Diving headfirst into the world of football (soccer) management

Since March, a few of my students, who are part of the men’s soccer team at my university, have been asking me to help out with the team.  With (over)workload, it is a daunting task to take on coaching the university team, but I love the beautiful game.  If the young men on the soccer team are able to learn a few things from me, I am more than happy to lend a helping hand.  Also, a soccer team needs a head coach; at the moment, the captain of the team is running things without guidance.

So, I went to the game today thinking I would just be a passive spectator and observe the team’s current system and also each player’s attributes.  However, as many of you know, I am not one to just standby and watch the proceedings unfold.

During the warmup, I watched each player: if they were professional in warming up, how they communicate with their teammates, how high their concentration levels were, if they were nervous, their technical ability, their physical ability, their mental ability.  I did my best to gain as much information as I could on each player so I could analyze their play to the most of my ability.

Not only this, but I did my homework about our university’s soccer team.  I also made a scouting report about our opponent for today’s match.  My scouting report was spot on and I gave advice to certain players about how to cope with the opponent’s offensive firepower.  However, because this was my first day (a match day nonetheless), I did not have time to build a deep trust-relationship with those players whom I met for the first time today. I knew 3 players on the roster.

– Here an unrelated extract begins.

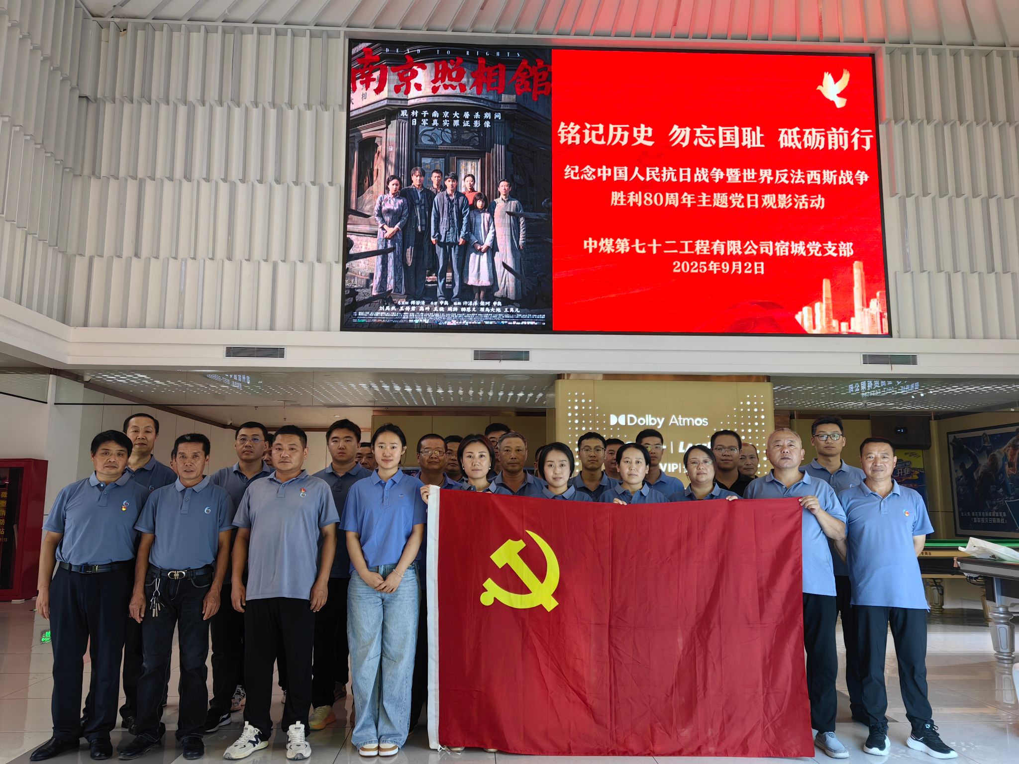 为纪念中国人民抗日战争暨世界反法西斯战争胜利80周年,进一步加强党员的爱国主义教育,激发党员的责任感与使命感,9月2日,宿城党支部组织项目部全体党员、干部职工34人开展了《南京照相馆》爱国主义观影党日活动。

From my preparation, I knew our team’s formation, strengths, and weaknesses.  However, seeing is believing, so I did not give detailed tactical instructions because I wanted to see if their system was effective.  To be quite honest, the team needs much improvement.  If this was not the case, they would not need my guidance.

It was apparent that our team could not cope with the other team’s short-short-long strategy.  The defensive line dropped back too deep, and this invited the other team to attack our goal from dangerous areas early on.  As a result, the other team opened up the scoring within the first 5 minutes.  At this point, I ended my analysis session and started barking out instructions: keep a high defensive line, have wide midfielders spread the field before cutting inside to combine with the lone striker, have the center midfielders hold their positions centrally instead of roaming randomly on the pitch to find passes.

Unfortunately, these players were so caught up in their old system that my words had no meaning to them in the 1st half.  The defensive line continued to drop back too deep, wide players continued to make the field of play to narrow by slotting into the center of the pitch, and center midfielders roamed away from their positions.  A systematic breakdown to say the least.

Halftime could not come early enough, and when it did, I called over a few players and gave them my ideas.  With the captain still calling the shots, I had no idea whether or not they would actually come off the bench in the second half, but from my scouting reports, these players always came off the bench after the 60th minute mark.  My scouting report was on point, and these players did come on the pitch.  However, by the time they came on the pitch, our team was already down 2-0.  No problem, I thought.  With players who I already know on the field, they relayed my messages to teammates and did their best to carry out my instructions.

After these key substitutions, our team was able to create a few scoring opportunities, but were not able to convert.  The game ended with the score at 0-2.  Good game to the opponent.  For us, a lot for the team to reflect on.

In my opinion, the captain of the team is taking on too much responsibility: tactics, starting line-ups, substitutions.  These are things a manager, head coach, should take care of.  Through my eyes, the captain is creating a system to be competitive, but also to prevent the team from losing, not to have the team win matches.  Creating tactics for preventing one’s team from losing and giving your team a chance to win are completely different concepts.

If a team is afraid of losing, they will look to kill certain individuals’ strengths and play within themselves.  Teams hardly win with this mentality, and our team currently has this mentality.  This must be changed. These players have great potential and also have solid individual skill; it’s a waste to play within mental limitations.  Therefore, certain tactical adjustments to the formation and individual-position instructions would not only make things easier for the players, but also give them more opportunities to play to their strengths.

I am sunburnt and exhausted from lack of sleep, but it feels good to do what I love.